Segment Open

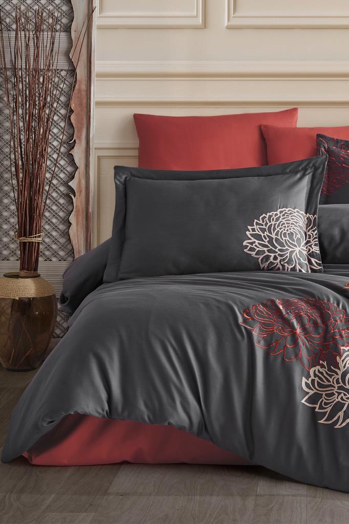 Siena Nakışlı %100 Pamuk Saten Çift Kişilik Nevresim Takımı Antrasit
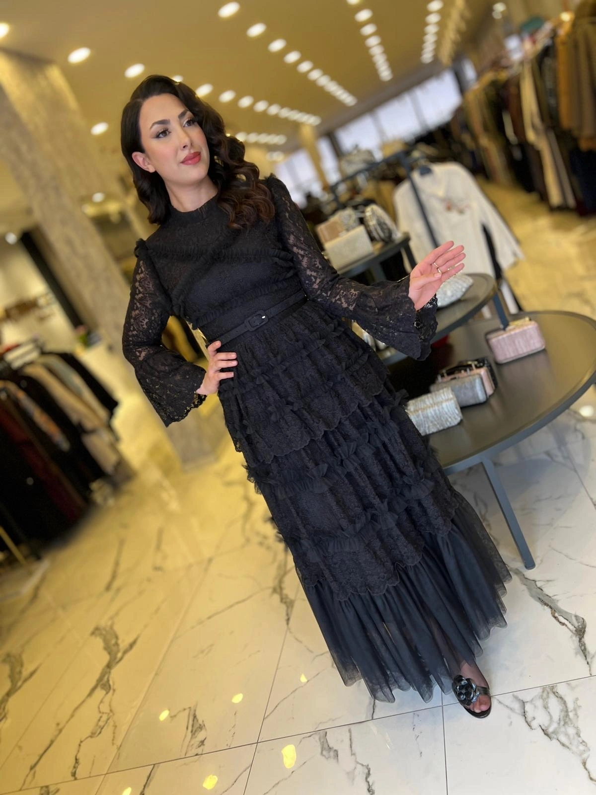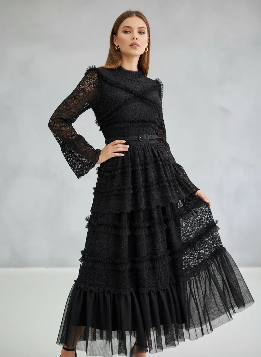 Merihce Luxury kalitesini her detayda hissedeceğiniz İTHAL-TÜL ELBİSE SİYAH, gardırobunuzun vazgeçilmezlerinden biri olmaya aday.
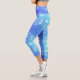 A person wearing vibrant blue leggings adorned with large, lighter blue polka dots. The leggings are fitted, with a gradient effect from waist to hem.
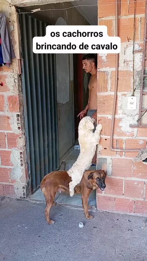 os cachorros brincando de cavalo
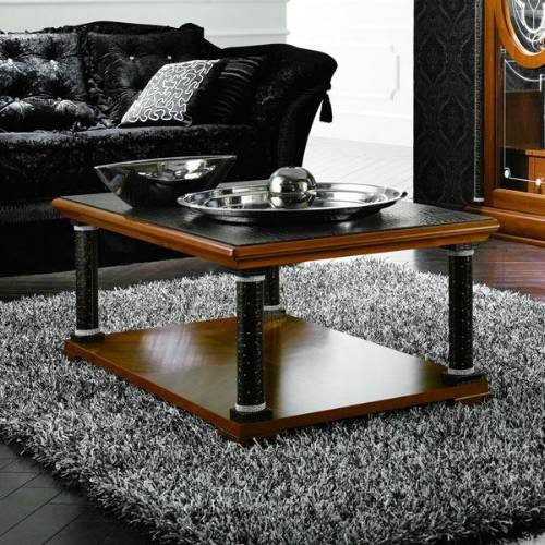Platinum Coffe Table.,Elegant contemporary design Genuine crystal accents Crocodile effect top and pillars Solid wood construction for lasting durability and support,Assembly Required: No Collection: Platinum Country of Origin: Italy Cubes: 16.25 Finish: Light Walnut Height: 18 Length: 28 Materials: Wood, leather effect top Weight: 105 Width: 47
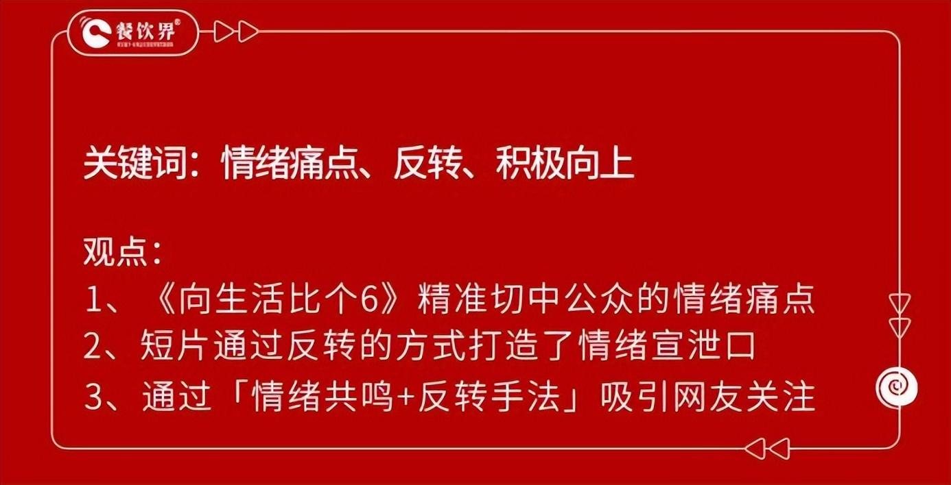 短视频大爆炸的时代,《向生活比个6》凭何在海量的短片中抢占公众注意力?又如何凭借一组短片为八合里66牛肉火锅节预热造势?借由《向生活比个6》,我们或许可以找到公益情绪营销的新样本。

Segment Closed

> **PROBLEM**: Once the pictures are set aside, give the listing again word for word.

> **OUTPUT FOR THIS EXERCISE**:
 Siena Nakışlı %100 Pamuk Saten Çift Kişilik Nevresim Takımı Antrasit
 Merihce Luxury kalitesini her detayda hissedeceğiniz İTHAL-TÜL ELBİSE SİYAH, gardırobunuzun vazgeçilmezlerinden biri olmaya aday.
 A person wearing vibrant blue leggings adorned with large, lighter blue polka dots. The leggings are fitted, with a gradient effect from waist to hem.
 os cachorros brincando de cavalo
Platinum Coffe Table.,Elegant contemporary design Genuine crystal accents Crocodile effect top and pillars Solid wood construction for lasting durability and support,Assembly Required: No Collection: Platinum Country of Origin: Italy Cubes: 16.25 Finish: Light Walnut Height: 18 Length: 28 Materials: Wood, leather effect top Weight: 105 Width: 47
 短视频大爆炸的时代,《向生活比个6》凭何在海量的短片中抢占公众注意力?又如何凭借一组短片为八合里66牛肉火锅节预热造势?借由《向生活比个6》,我们或许可以找到公益情绪营销的新样本。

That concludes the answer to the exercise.